* [Aim of the task] Transcribe all of the data verbatim, please, and leave out its pictures.

* [Data records]
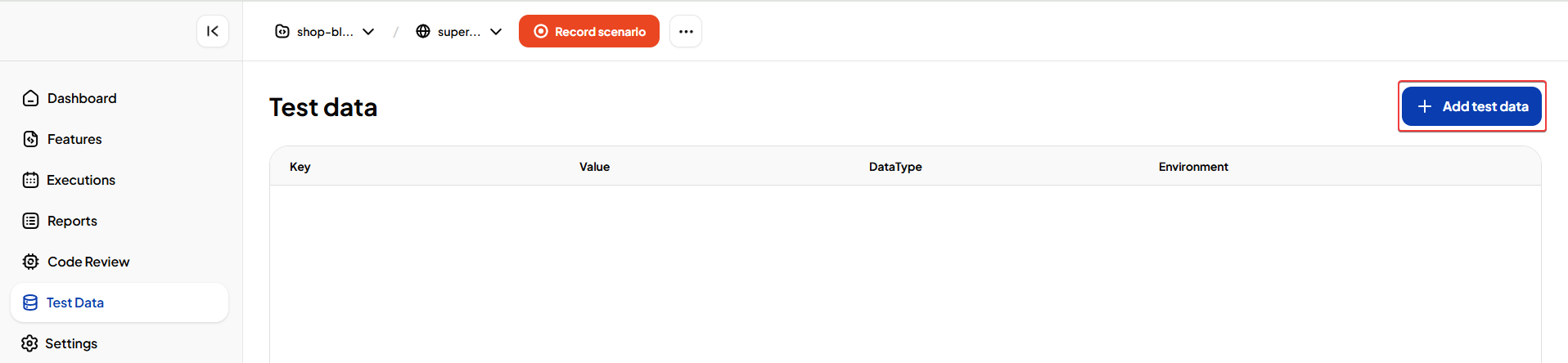 Use the Test Data page to define reusable values before starting a recording session. These values can be referenced across multiple scenarios to maintain consistency, avoid duplication, and support environment-specific customization.
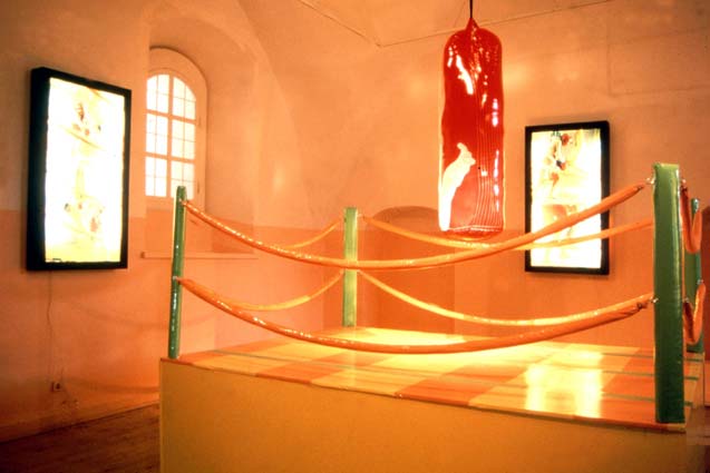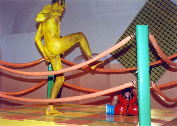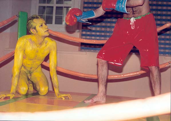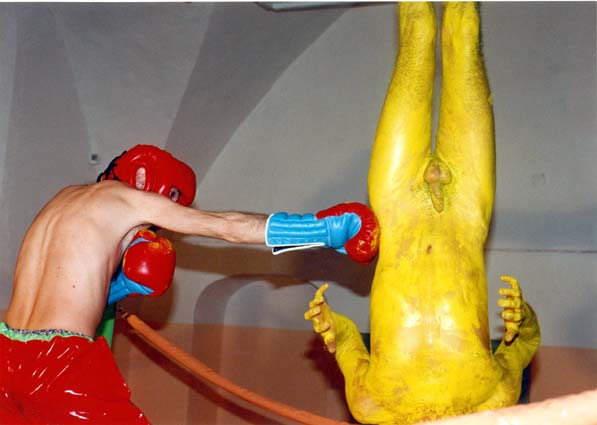 Інстальована документація перформансу “Побий мене на паперті” була представлена в рамках кураторського проекту Марти Кузьми “Симптоматична анонімність” (1997). В центрі сюжету – бій на справжньому рингу між двома боксерами, що уособлюють образи критика та художника. В ролі останнього виступив сам Чичкан, оголений та викрашений жовтою фарбою. Проект був доповнений інсталяцією з абстрактних картин, яка розміщувалася на підлозі, недалеко від лайтбоксів з фотохронікою перформансу і реді-мейд об’єктом-рингом, на якому він відбувався.
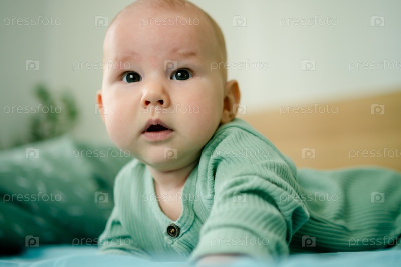 Ребенок в зеленой пижаме исследует окружающую среду, лежа на мягком одеяле, захватывая суть любопытства, роста и ранних стадий развития
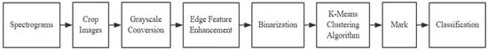 This paper applies image processing techniques and unsupervised clustering algorithms to the above-obtained spectrograms to identify EMP events. The flowchart of the identification algorithm is shown in Figure 2. First, the spectrograms are batch cropped, then converted to grayscale. Next, vertical edge enhancement is applied, followed by binarization of the enhanced image. The binarized image is then subjected to unsupervised clustering using a K-means clustering algorithm. Finally, the clustered results are marked and classified.
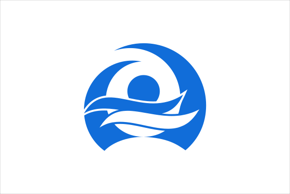 This features a blue and white logo that resembles crashing waves. The wave is depicted in the center of the logo, with its blue outline surrounding it. This unique design gives the impression of a flag or symbol, possibly representing an ocean-related theme or brand. The combination of colors and the wave's shape create a visually striking and memorable image.
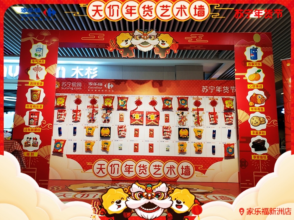 天價(jià)年貨藝術(shù)墻,藝術(shù)年貨送不停 ! 1月17日 至 1月 19 日 , 家樂福華南區(qū)廣州員村店、珠海吉大店、福州寶龍店 、廈門中華城店及 深圳新洲店 (活動時間為1.16-1.18) 活動繼續(xù) 。 禮品數(shù)量有限,每天送完即止 !蘇寧家樂福 實(shí)力助你過年味滿滿的春節(jié) ,邀請您 來把年貨驚喜領(lǐng)回家 !
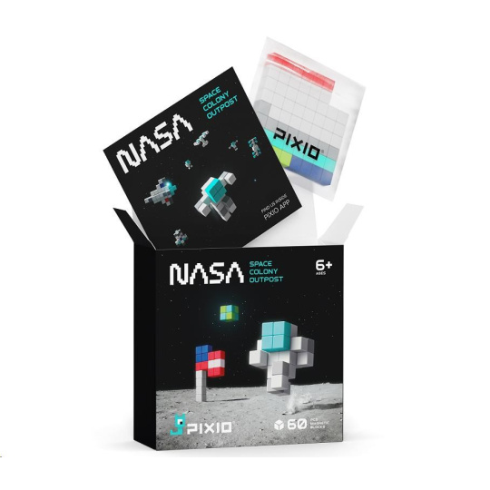 Stavebnice PIXIO 31102 NASA Space Colony Outpost (Koloniální základna) obsahuje 60 bloků PIXIO v 5 barvách. Umožní oživit vaše kreativní nápady a přinesou barevnou radost do života. Začněte tavbou jednoduchých modelů podle pokynů a poté, až budete připraveni, přejděte k vytváření vlastních návrhů. S touto sadou postavíte astronauty, raketoplán, lunární modul, lunární vozidlo, satelitní systém, rover a mnoho dalších. Pixio je splněný sen pro fanoušky Pixel Art, hráče Minecraftu a všechny, kdo si prostě rádi hrají. Použijte jej jako učební zdroj pro rozvoj kreativity dětí. Obsahuje 5 barev, které vám pomohou přeměnit jednoduché tvary na skvělé objekty a postavy (bílá 29x, šedá 9x, světle modrá 8x, červená 6x, modrá 4x, světle zelená 1x).

* [Solution to the exercise]
 Use the Test Data page to define reusable values before starting a recording session. These values can be referenced across multiple scenarios to maintain consistency, avoid duplication, and support environment-specific customization.
 Інстальована документація перформансу “Побий мене на паперті” була представлена в рамках кураторського проекту Марти Кузьми “Симптоматична анонімність” (1997). В центрі сюжету – бій на справжньому рингу між двома боксерами, що уособлюють образи критика та художника. В ролі останнього виступив сам Чичкан, оголений та викрашений жовтою фарбою. Проект був доповнений інсталяцією з абстрактних картин, яка розміщувалася на підлозі, недалеко від лайтбоксів з фотохронікою перформансу і реді-мейд об’єктом-рингом, на якому він відбувався.
 Ребенок в зеленой пижаме исследует окружающую среду, лежа на мягком одеяле, захватывая суть любопытства, роста и ранних стадий развития
 This paper applies image processing techniques and unsupervised clustering algorithms to the above-obtained spectrograms to identify EMP events. The flowchart of the identification algorithm is shown in Figure 2. First, the spectrograms are batch cropped, then converted to grayscale. Next, vertical edge enhancement is applied, followed by binarization of the enhanced image. The binarized image is then subjected to unsupervised clustering using a K-means clustering algorithm. Finally, the clustered results are marked and classified.
 This features a blue and white logo that resembles crashing waves. The wave is depicted in the center of the logo, with its blue outline surrounding it. This unique design gives the impression of a flag or symbol, possibly representing an ocean-related theme or brand. The combination of colors and the wave's shape create a visually striking and memorable image.
 天價(jià)年貨藝術(shù)墻,藝術(shù)年貨送不停 ! 1月17日 至 1月 19 日 , 家樂福華南區(qū)廣州員村店、珠海吉大店、福州寶龍店 、廈門中華城店及 深圳新洲店 (活動時間為1.16-1.18) 活動繼續(xù) 。 禮品數(shù)量有限,每天送完即止 !蘇寧家樂福 實(shí)力助你過年味滿滿的春節(jié) ,邀請您 來把年貨驚喜領(lǐng)回家 !
 Stavebnice PIXIO 31102 NASA Space Colony Outpost (Koloniální základna) obsahuje 60 bloků PIXIO v 5 barvách. Umožní oživit vaše kreativní nápady a přinesou barevnou radost do života. Začněte tavbou jednoduchých modelů podle pokynů a poté, až budete připraveni, přejděte k vytváření vlastních návrhů. S touto sadou postavíte astronauty, raketoplán, lunární modul, lunární vozidlo, satelitní systém, rover a mnoho dalších. Pixio je splněný sen pro fanoušky Pixel Art, hráče Minecraftu a všechny, kdo si prostě rádi hrají. Použijte jej jako učební zdroj pro rozvoj kreativity dětí. Obsahuje 5 barev, které vám pomohou přeměnit jednoduché tvary na skvělé objekty a postavy (bílá 29x, šedá 9x, světle modrá 8x, červená 6x, modrá 4x, světle zelená 1x).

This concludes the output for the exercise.